Recorded information START

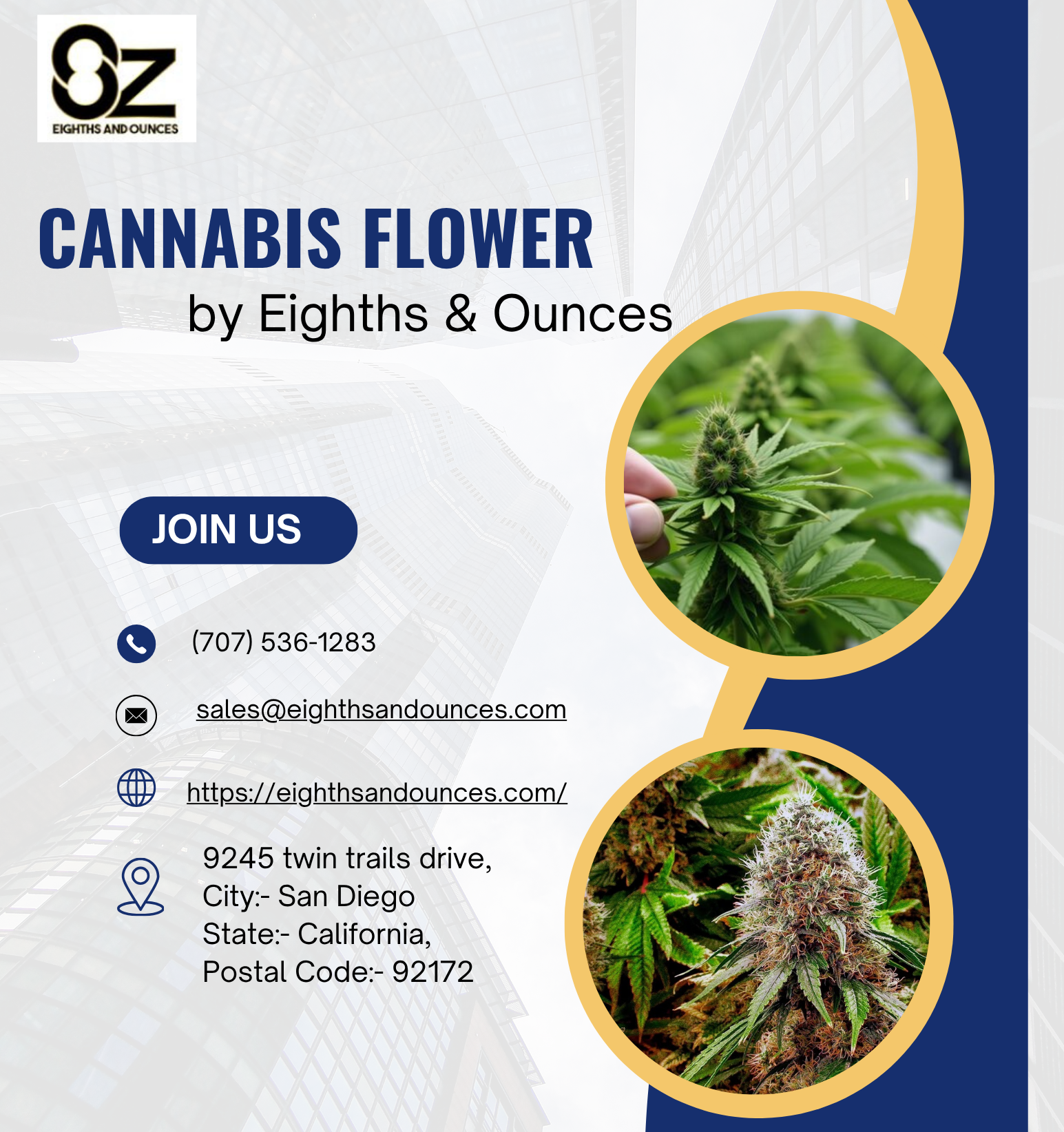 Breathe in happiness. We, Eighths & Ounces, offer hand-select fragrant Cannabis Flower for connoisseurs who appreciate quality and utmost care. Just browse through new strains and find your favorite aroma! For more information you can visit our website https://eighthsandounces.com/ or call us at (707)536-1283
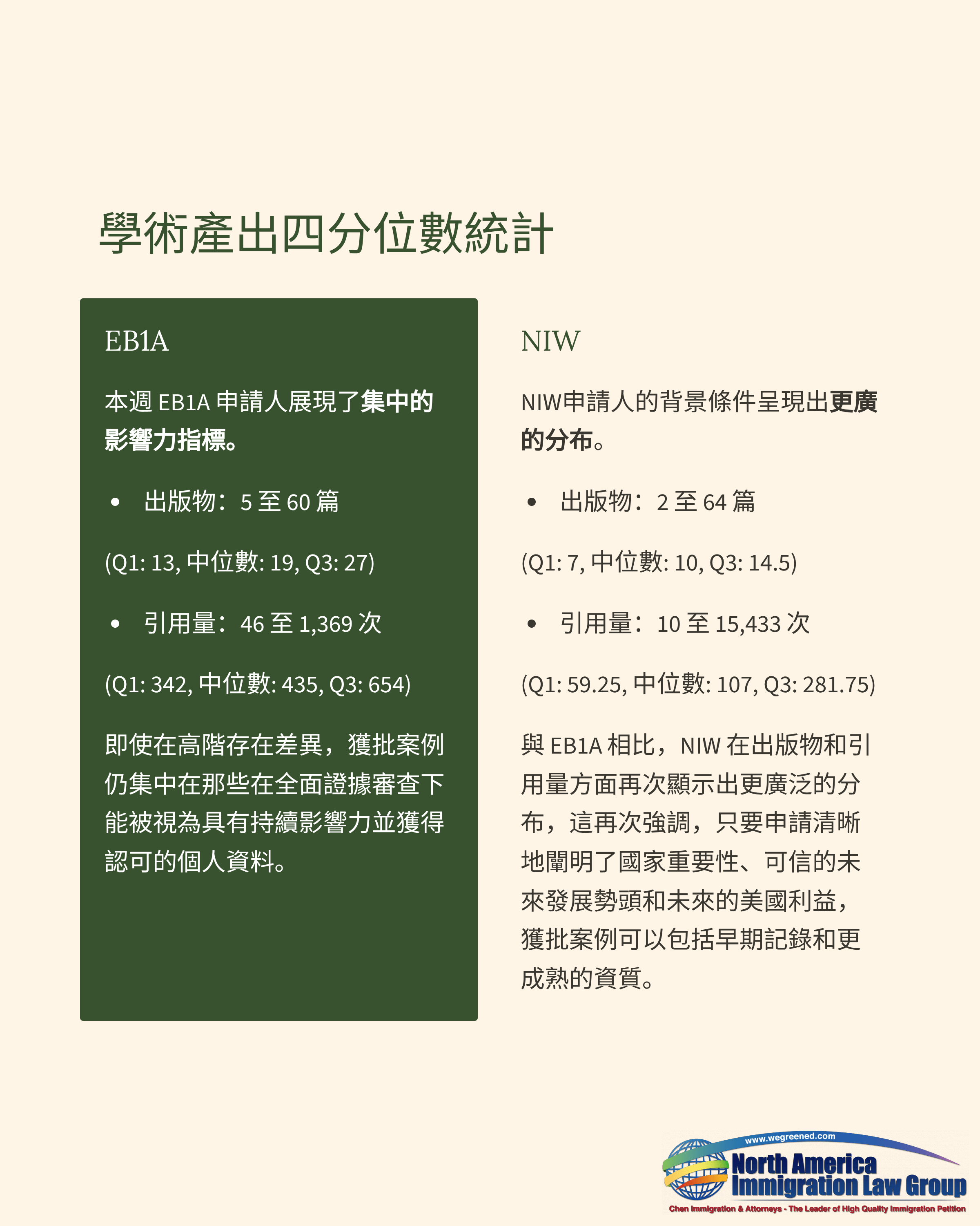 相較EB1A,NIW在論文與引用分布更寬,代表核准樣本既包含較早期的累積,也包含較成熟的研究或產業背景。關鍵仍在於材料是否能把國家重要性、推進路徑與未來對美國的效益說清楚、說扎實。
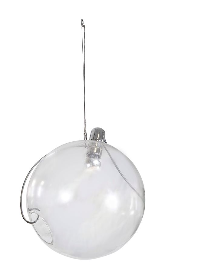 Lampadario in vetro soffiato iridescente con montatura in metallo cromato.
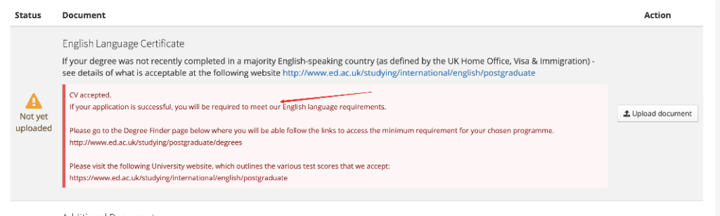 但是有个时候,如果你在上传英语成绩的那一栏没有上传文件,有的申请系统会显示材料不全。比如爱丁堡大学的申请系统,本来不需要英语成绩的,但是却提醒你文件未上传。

Recorded information END

» Aim of the exercise
Starting from the line that has "Lampadario in vetro" and ending at the last line of the material above, every line should be output exactly; pictures are dropped and nothing else appears.

» Solution to the exercise
 Lampadario in vetro soffiato iridescente con montatura in metallo cromato.
 但是有个时候,如果你在上传英语成绩的那一栏没有上传文件,有的申请系统会显示材料不全。比如爱丁堡大学的申请系统,本来不需要英语成绩的,但是却提醒你文件未上传。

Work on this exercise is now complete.